**Work item:** Below are entries; copy exactly the lines from the one with "SUCCESS 成功 NO.1108A 輕巧型告示板架 47x151x50cm" through the one with "Set of 6 Princess", both included, and leave out the rest.

**Entries provided:**
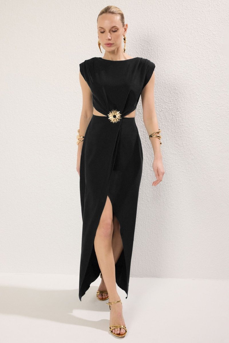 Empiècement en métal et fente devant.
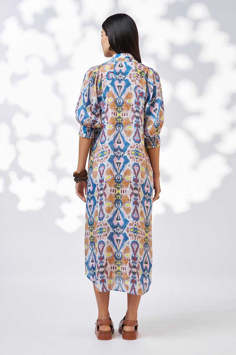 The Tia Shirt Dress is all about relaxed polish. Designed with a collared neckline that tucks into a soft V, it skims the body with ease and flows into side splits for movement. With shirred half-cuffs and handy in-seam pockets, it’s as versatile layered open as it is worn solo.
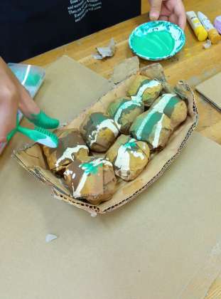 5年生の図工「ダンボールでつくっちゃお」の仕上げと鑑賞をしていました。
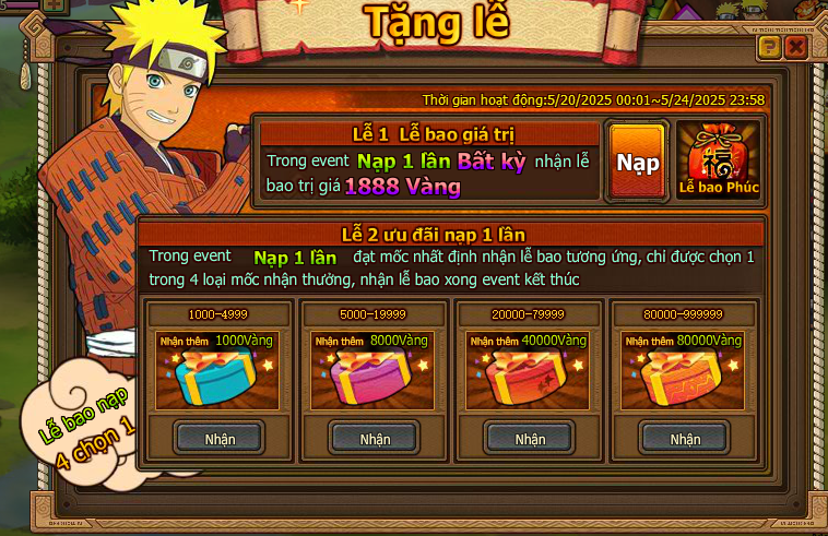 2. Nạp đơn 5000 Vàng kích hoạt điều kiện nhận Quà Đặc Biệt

...

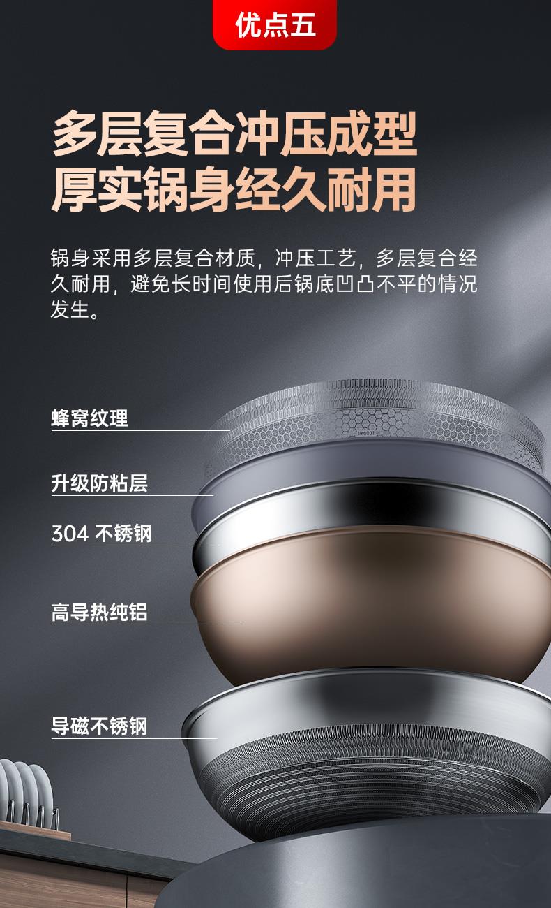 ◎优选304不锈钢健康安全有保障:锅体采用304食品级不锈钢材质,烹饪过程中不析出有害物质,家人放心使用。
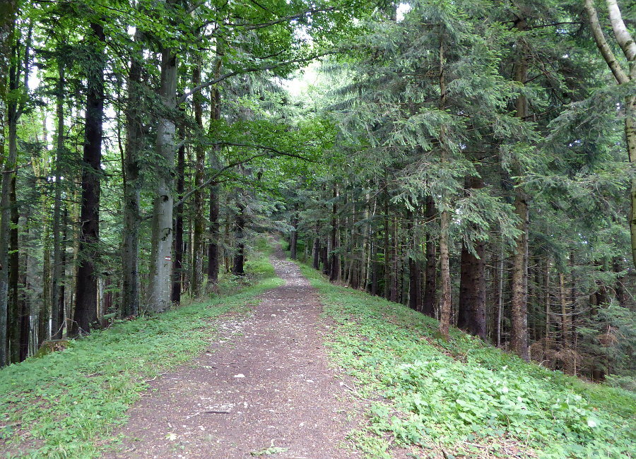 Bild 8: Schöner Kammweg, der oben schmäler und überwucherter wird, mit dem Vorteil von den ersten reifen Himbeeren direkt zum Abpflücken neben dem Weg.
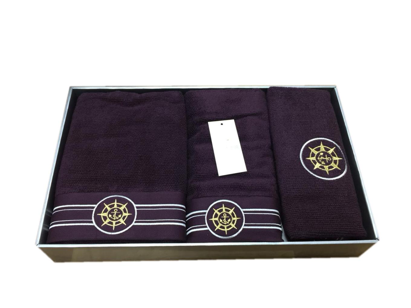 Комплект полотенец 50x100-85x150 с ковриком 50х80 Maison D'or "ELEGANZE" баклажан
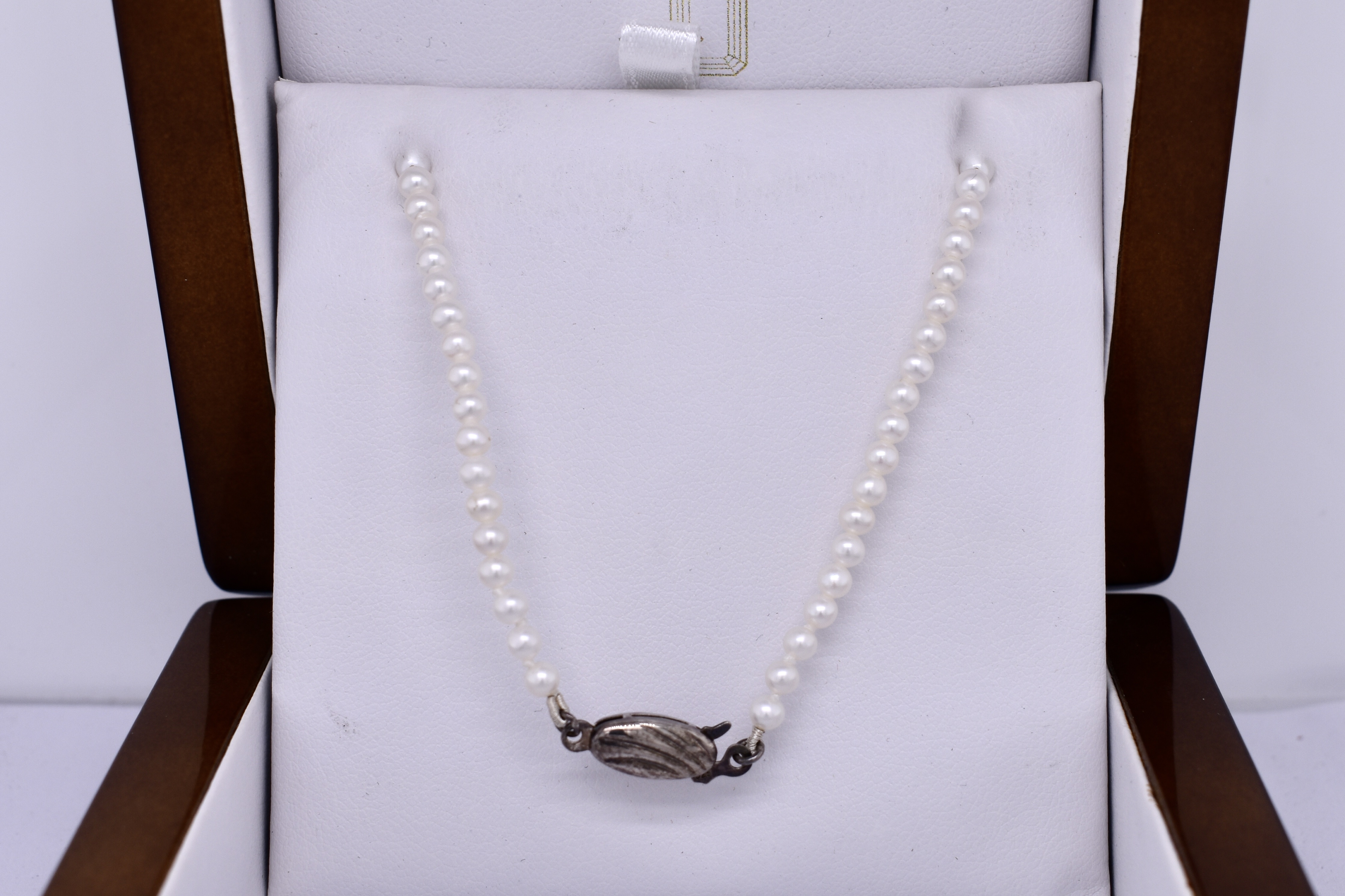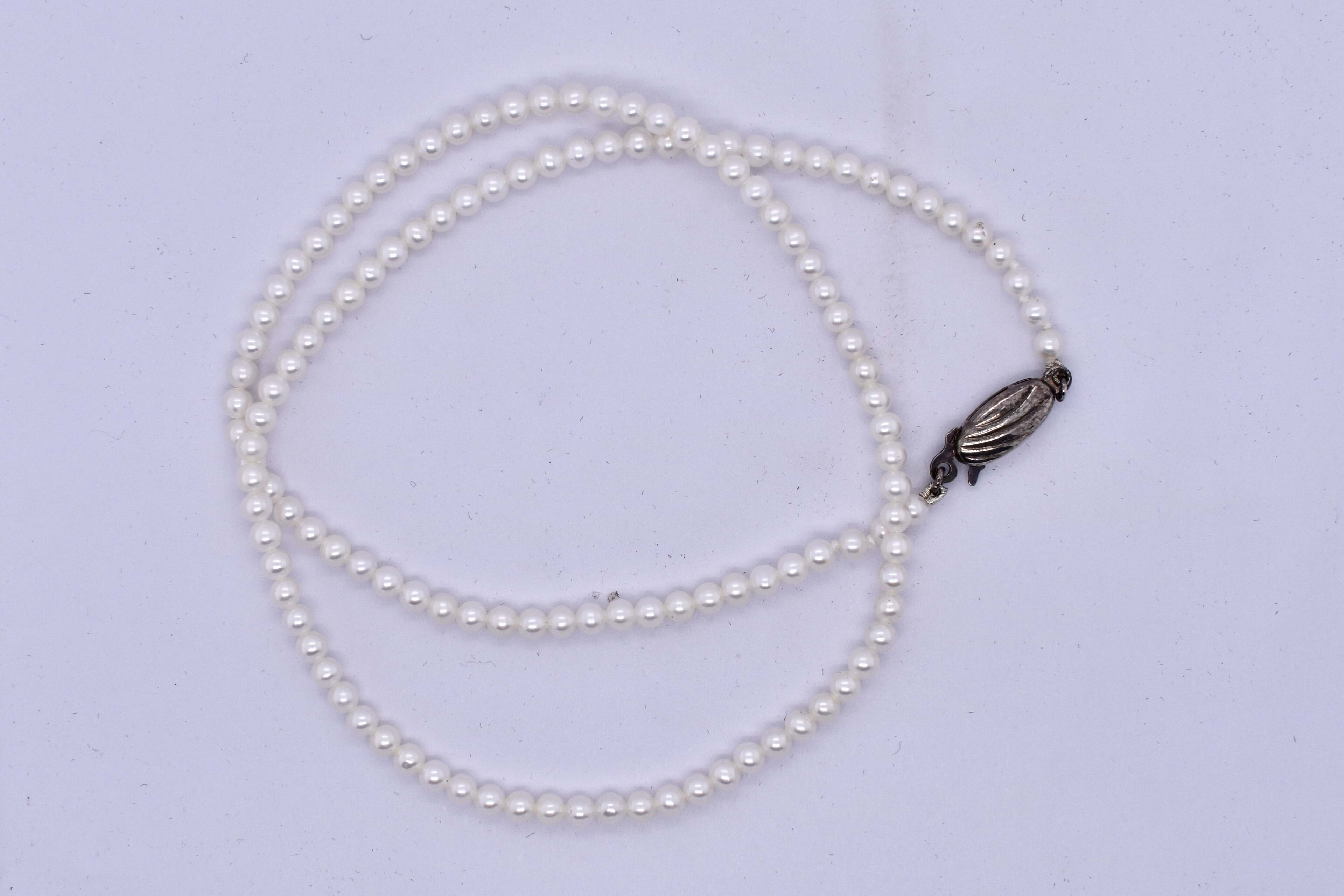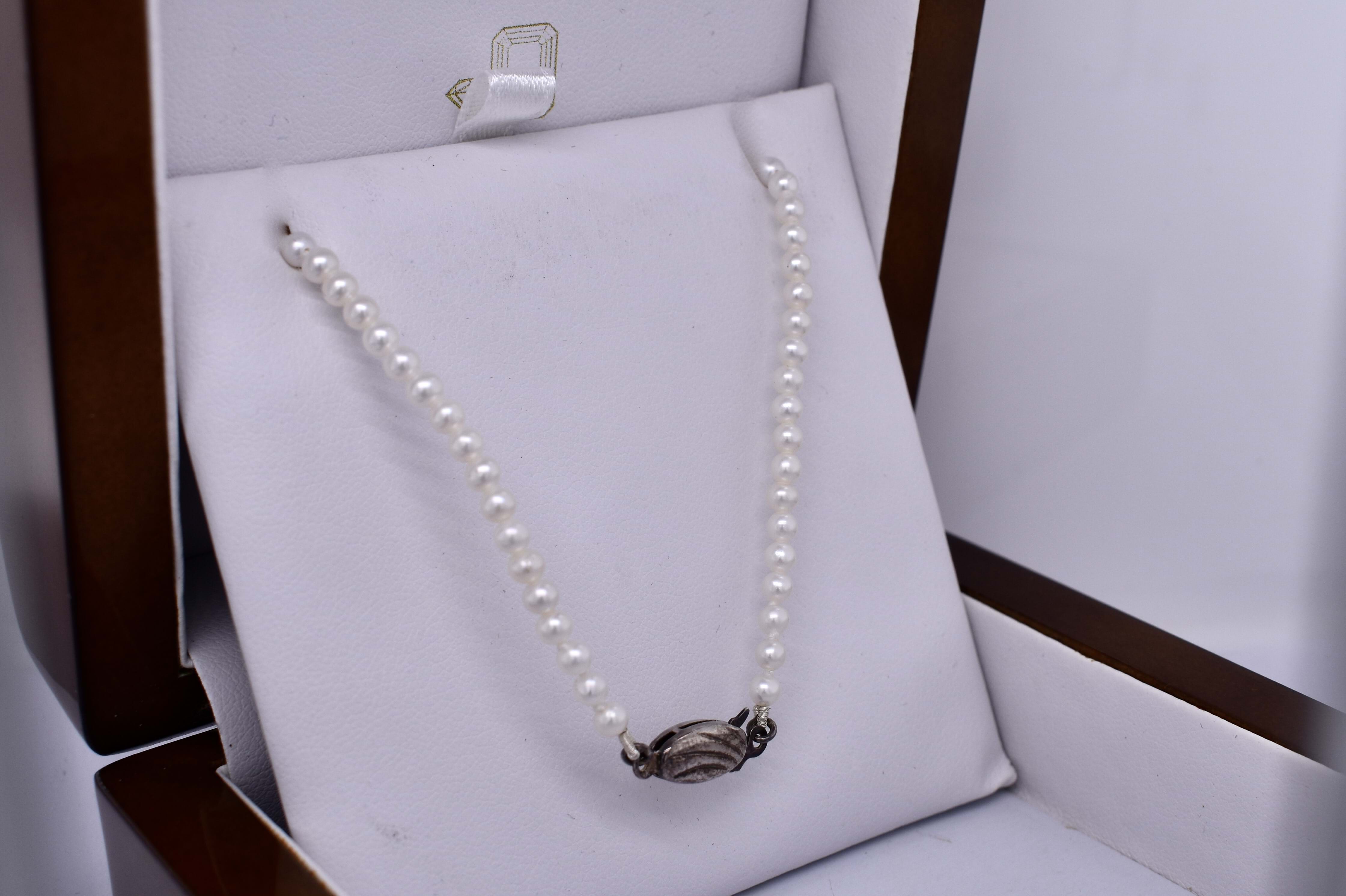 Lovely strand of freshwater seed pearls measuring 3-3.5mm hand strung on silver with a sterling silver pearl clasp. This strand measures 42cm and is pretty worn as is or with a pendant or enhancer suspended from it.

...

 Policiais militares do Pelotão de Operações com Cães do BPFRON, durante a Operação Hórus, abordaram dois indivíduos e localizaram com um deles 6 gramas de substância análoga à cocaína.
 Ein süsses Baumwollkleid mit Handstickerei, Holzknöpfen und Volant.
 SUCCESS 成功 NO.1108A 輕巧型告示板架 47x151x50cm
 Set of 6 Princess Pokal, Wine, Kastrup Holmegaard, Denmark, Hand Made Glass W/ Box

**Answer to this problem:**
 SUCCESS 成功 NO.1108A 輕巧型告示板架 47x151x50cm
 Set of 6 Princess Pokal, Wine, Kastrup Holmegaard, Denmark, Hand Made Glass W/ Box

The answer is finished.